[Stored records]
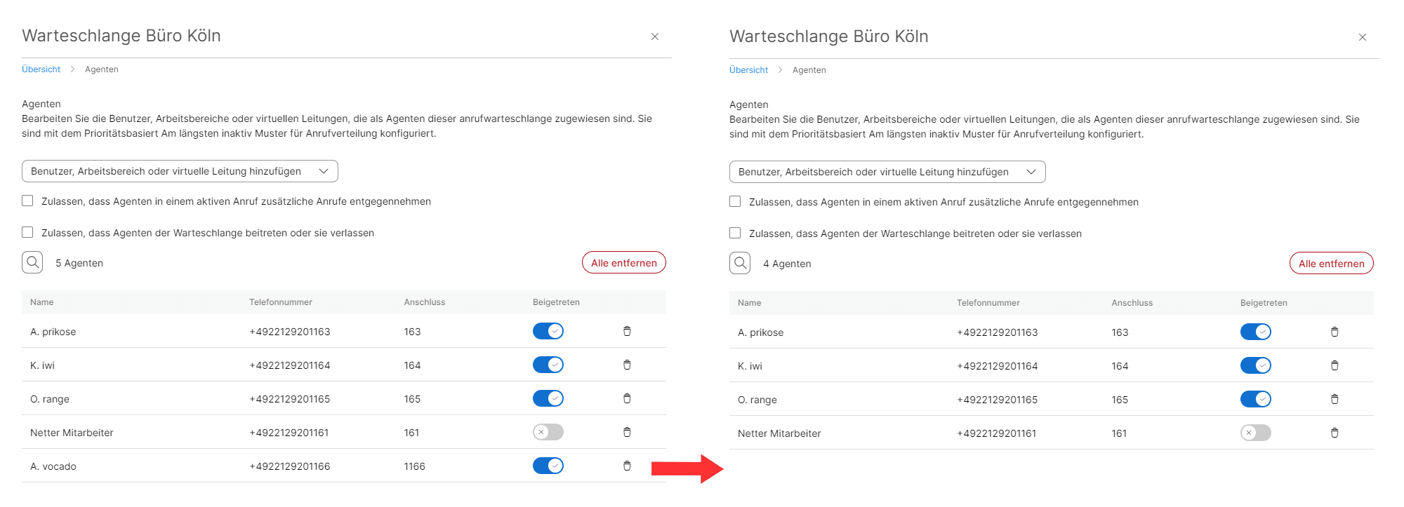 Die Rufnummer die dem Benutzer zugewiesen wurde, steht Ihnen selbstverständlich weiterhin zur Verfügung und kann jetzt für einen anderen Benutzer oder einer Funktion wie z.B. eine Warteschlange genutzt werden.
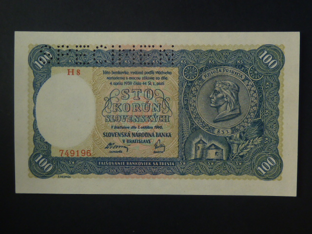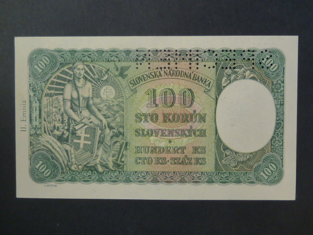 100 Ks 1940 II.vydání, série H 8, 1x perf. SPECIMEN nahoře
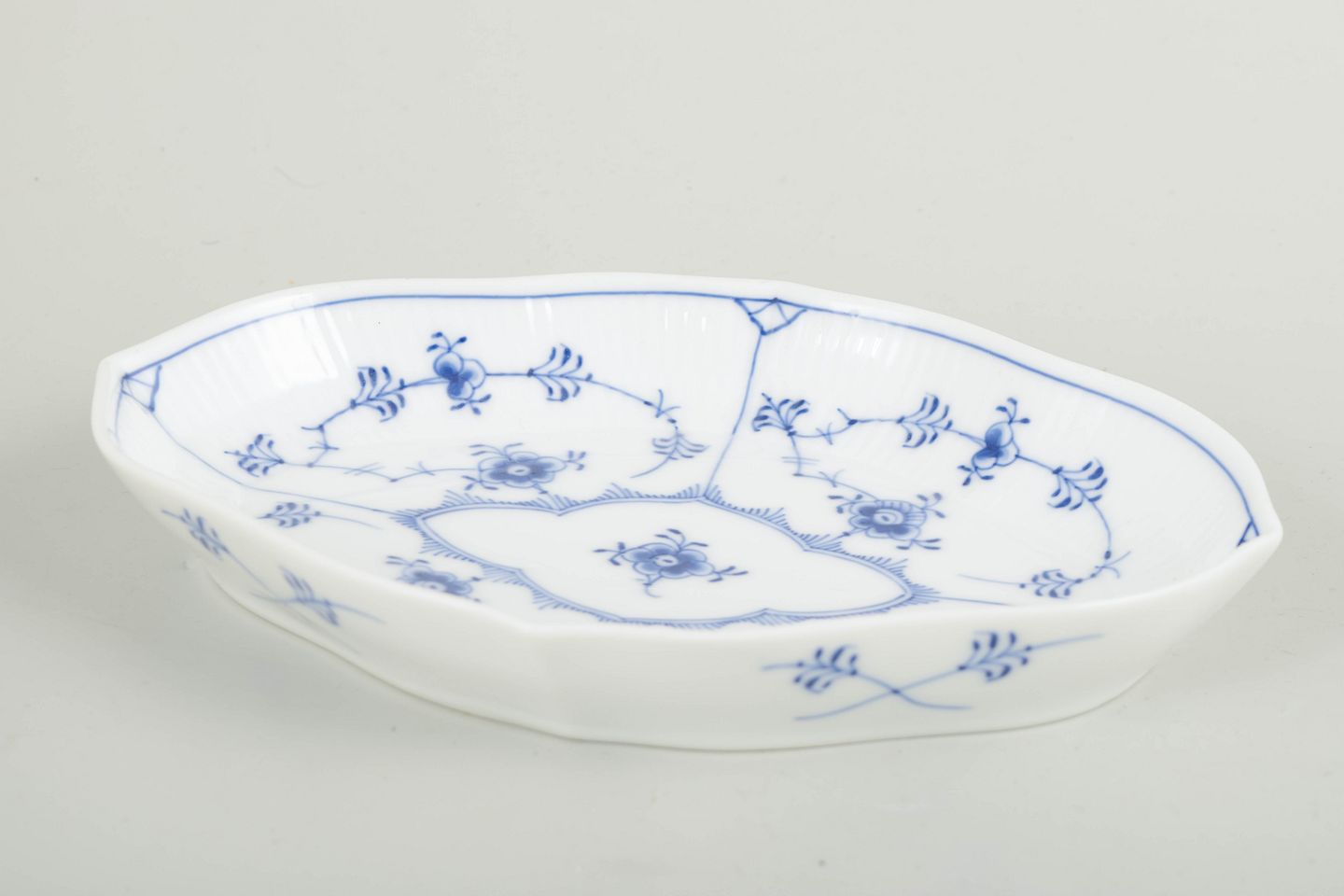 Ovalt porcelænsfad dekoreret med håndmalet koboltblåt underglasur i det klassiske Musselmalet Riflet mønster. Modellen er 1/147 og kendetegnes ved den let facetterede, blødt svungne form med profileret rand og opdelt spejl, rigt udsmykket med blomster- og rankemotiver. Et elegant eksempel på Royal Copenhagens forfinede porcelænskunst fra mellemkrigstiden.
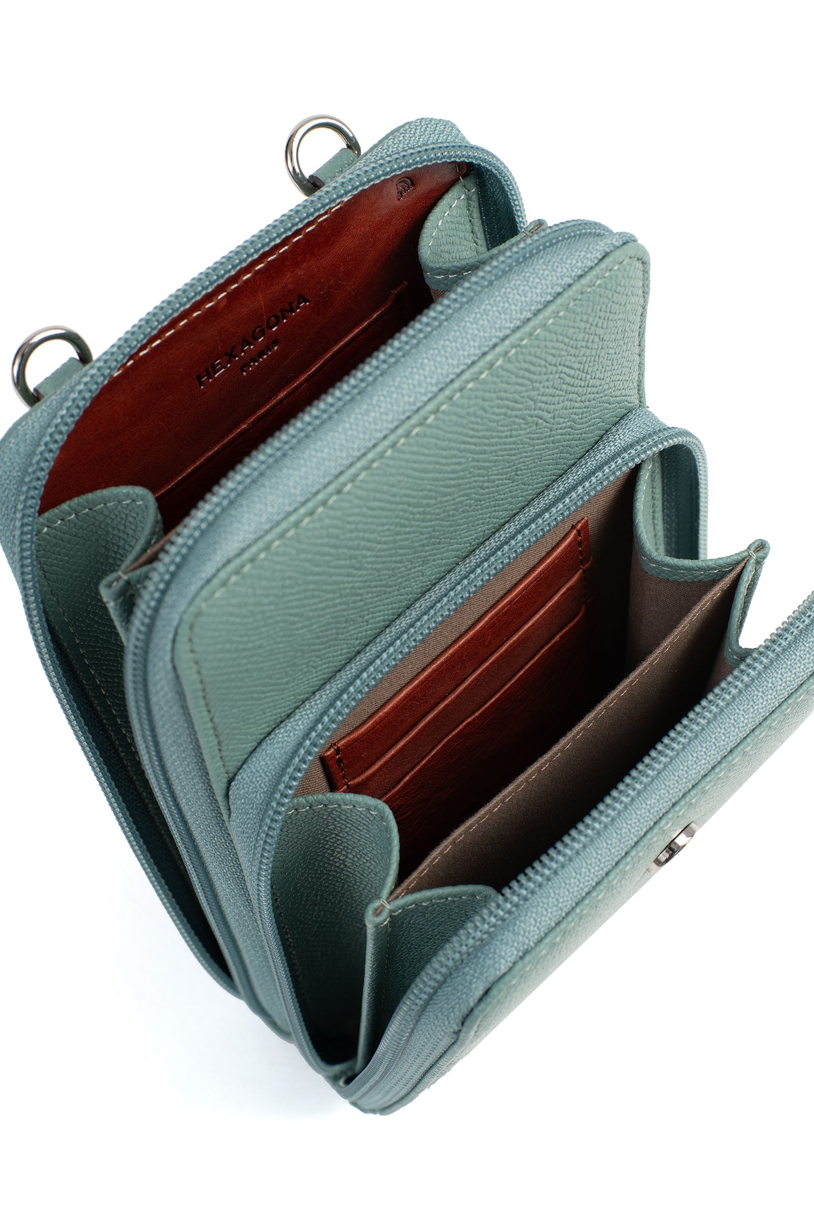 Die Telefonhülle mit Kartenhalter aus der Kollektion Ava verkörpert Eleganz und Praktikabilität. Mit ihren originellen Formen und dem farbigen Mikrofaser-Material wurde sie entwickelt, um Ihre kleinen Gegenstände sicher und stilvoll zu transportieren. Ihr rechteckiges und modernes Design, kombiniert mit strukturiertem Kunstleder, bietet ein Gefühl von Luxus, während es langlebig und pflegeleicht ist.
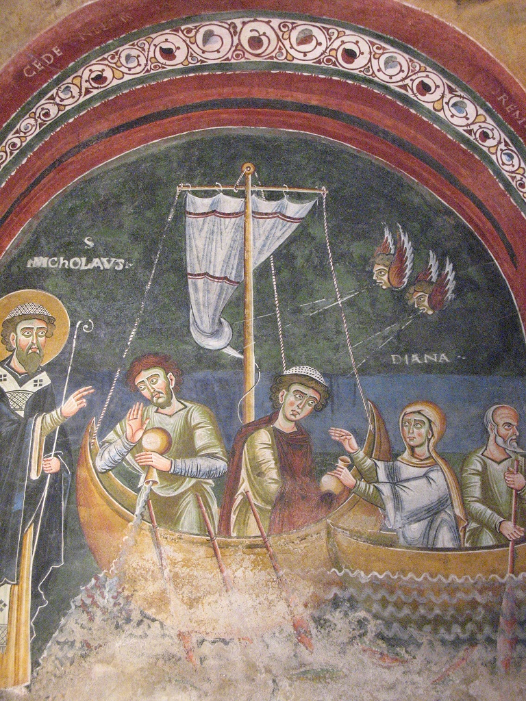 Interno: a due campate coperte la prima con volta a crociera, la seconda a botte. Vi si trovano affreschi in parte del XI-XII secolo: sulla parete interna della facciata Giudizio Universale, molto ridipinto nel 1828; sulla volta della prima campata Scene della Vita di Sant'Eldrado : abbandono della propria vita passata, raffigurata attraverso il luogo natale, il locus ambillis; l'investitura da parte di un sacerdote; l'arrivo alla Novalesa e l'abito monastico, e alle pareti Sud Miracolo e Nord Morte del Santo. La seconda campata riporta Scene della vita di San Nicola: sulle vele della volta il Santo che rifiuta il latte materno, l'aiuto prestato a una fanciulla povera; l'elezione a vescovo di Mira; la consacrazione sul seggio vescovile; sulla pareti due miracoli del Santo. Nel catino absidale Cristo Pantocrator nella mandorla tra gli Arcangeli Michele e Gabriele e in basso San Nicola e Sant'Eldrado. |
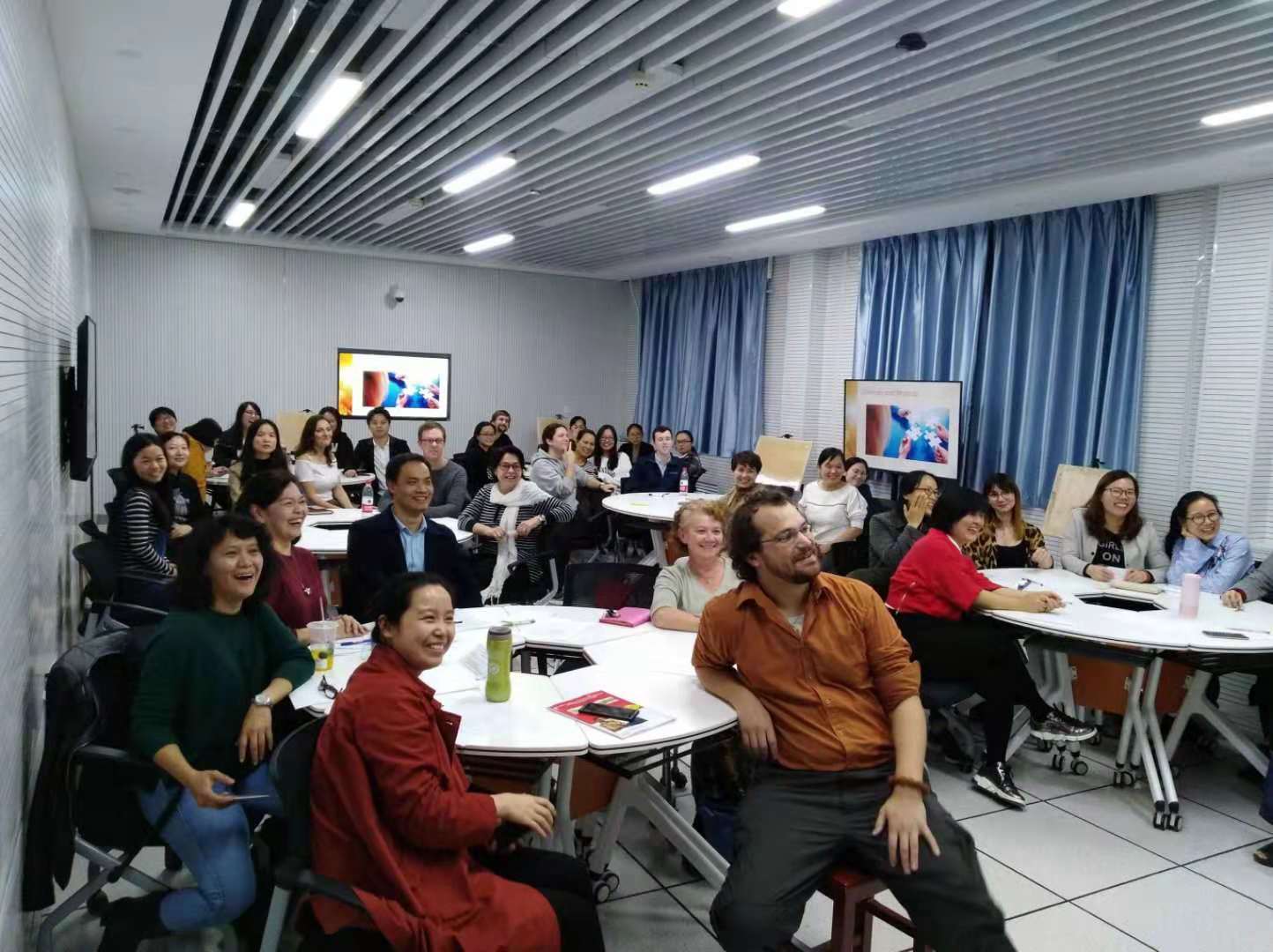 随后,中外教师分五组针对如何提高学生作业完成率、课堂上如何管理学生使用手机、如何鼓励后进生积极参与课堂活动、如何针对程度差异较大的班级设计教学等问题进行头脑风暴,探寻答案。之后各小组选派代表与所有老师分享了各自小组精彩的解决方案。
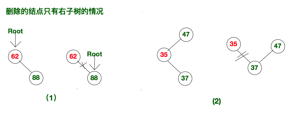 该情况也可以细分为两类,一种是该删除的结点没有父节点,也就删除的节点为根节点,我们需要将根节点的root指针指向即将删除结点的右孩子,然后将删除结点的rightChild置空即可。
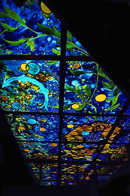 MOTIF : FOND SOUS-MARIN ( vernis couleur ) Réalisation sur verre feuilleté STADIP 44.2 opale ep. 8mm
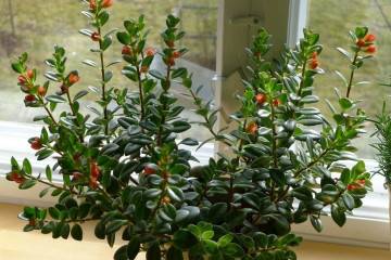 - дом - компактен храст с назъбени листа. Цветовете са сферични;
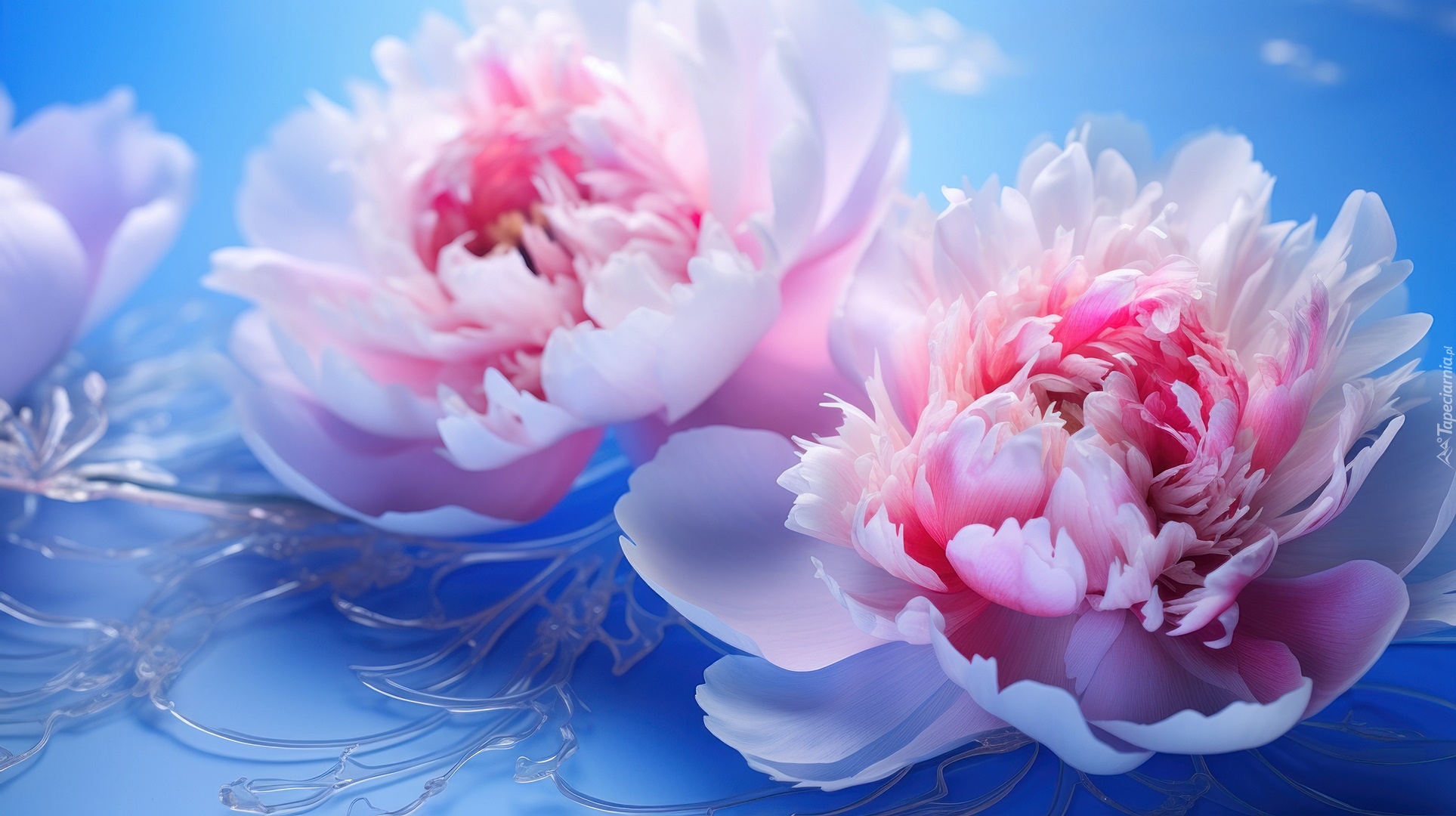 Edytor tapety: Rozwinięte jasnoróżowe piwonie na niebieskim tle
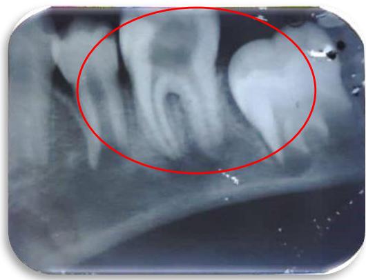 Figure 3: Radiolucency involving enamel, dentin and pulp, loss of lamina dura in mesial and distal root, diffused periapical radiolucency with mesial and distal root i.r.t 46
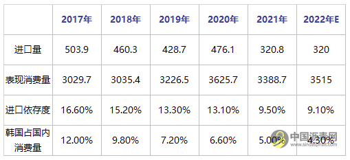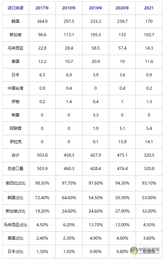 韩国是中国沥青产品第一大进口国,主要来源为韩国GS和双龙企业,从2019-2021年数量明显减少。
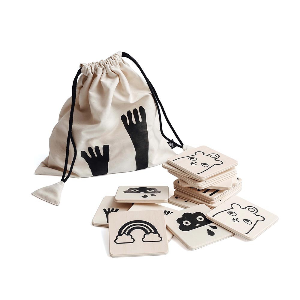 Vuelve a la infancia con este juego de memoria antiguo que contiene 8 pares de ilustraciones. Tu hijo podrá manejarlos fácilmente gracias a sus grandes tarjetas de madera. Entregado en su pequeña bolsa de algodón, este juego de memoria te seguirá a todas partes y mantendrá a tu pequeño ocupado en todas las circunstancias.

• _Work task_
Could you output the full set of entries exactly, skipping every picture?

• _Worked solution_
 Die Rufnummer die dem Benutzer zugewiesen wurde, steht Ihnen selbstverständlich weiterhin zur Verfügung und kann jetzt für einen anderen Benutzer oder einer Funktion wie z.B. eine Warteschlange genutzt werden.
 100 Ks 1940 II.vydání, série H 8, 1x perf. SPECIMEN nahoře
 Ovalt porcelænsfad dekoreret med håndmalet koboltblåt underglasur i det klassiske Musselmalet Riflet mønster. Modellen er 1/147 og kendetegnes ved den let facetterede, blødt svungne form med profileret rand og opdelt spejl, rigt udsmykket med blomster- og rankemotiver. Et elegant eksempel på Royal Copenhagens forfinede porcelænskunst fra mellemkrigstiden.
 Die Telefonhülle mit Kartenhalter aus der Kollektion Ava verkörpert Eleganz und Praktikabilität. Mit ihren originellen Formen und dem farbigen Mikrofaser-Material wurde sie entwickelt, um Ihre kleinen Gegenstände sicher und stilvoll zu transportieren. Ihr rechteckiges und modernes Design, kombiniert mit strukturiertem Kunstleder, bietet ein Gefühl von Luxus, während es langlebig und pflegeleicht ist.
 Interno: a due campate coperte la prima con volta a crociera, la seconda a botte. Vi si trovano affreschi in parte del XI-XII secolo: sulla parete interna della facciata Giudizio Universale, molto ridipinto nel 1828; sulla volta della prima campata Scene della Vita di Sant'Eldrado : abbandono della propria vita passata, raffigurata attraverso il luogo natale, il locus ambillis; l'investitura da parte di un sacerdote; l'arrivo alla Novalesa e l'abito monastico, e alle pareti Sud Miracolo e Nord Morte del Santo. La seconda campata riporta Scene della vita di San Nicola: sulle vele della volta il Santo che rifiuta il latte materno, l'aiuto prestato a una fanciulla povera; l'elezione a vescovo di Mira; la consacrazione sul seggio vescovile; sulla pareti due miracoli del Santo. Nel catino absidale Cristo Pantocrator nella mandorla tra gli Arcangeli Michele e Gabriele e in basso San Nicola e Sant'Eldrado. |
 随后,中外教师分五组针对如何提高学生作业完成率、课堂上如何管理学生使用手机、如何鼓励后进生积极参与课堂活动、如何针对程度差异较大的班级设计教学等问题进行头脑风暴,探寻答案。之后各小组选派代表与所有老师分享了各自小组精彩的解决方案。
 该情况也可以细分为两类,一种是该删除的结点没有父节点,也就删除的节点为根节点,我们需要将根节点的root指针指向即将删除结点的右孩子,然后将删除结点的rightChild置空即可。
 MOTIF : FOND SOUS-MARIN ( vernis couleur ) Réalisation sur verre feuilleté STADIP 44.2 opale ep. 8mm
 - дом - компактен храст с назъбени листа. Цветовете са сферични;
 Edytor tapety: Rozwinięte jasnoróżowe piwonie na niebieskim tle
 Figure 3: Radiolucency involving enamel, dentin and pulp, loss of lamina dura in mesial and distal root, diffused periapical radiolucency with mesial and distal root i.r.t 46
 韩国是中国沥青产品第一大进口国,主要来源为韩国GS和双龙企业,从2019-2021年数量明显减少。
 Vuelve a la infancia con este juego de memoria antiguo que contiene 8 pares de ilustraciones. Tu hijo podrá manejarlos fácilmente gracias a sus grandes tarjetas de madera. Entregado en su pequeña bolsa de algodón, este juego de memoria te seguirá a todas partes y mantendrá a tu pequeño ocupado en todas las circunstancias.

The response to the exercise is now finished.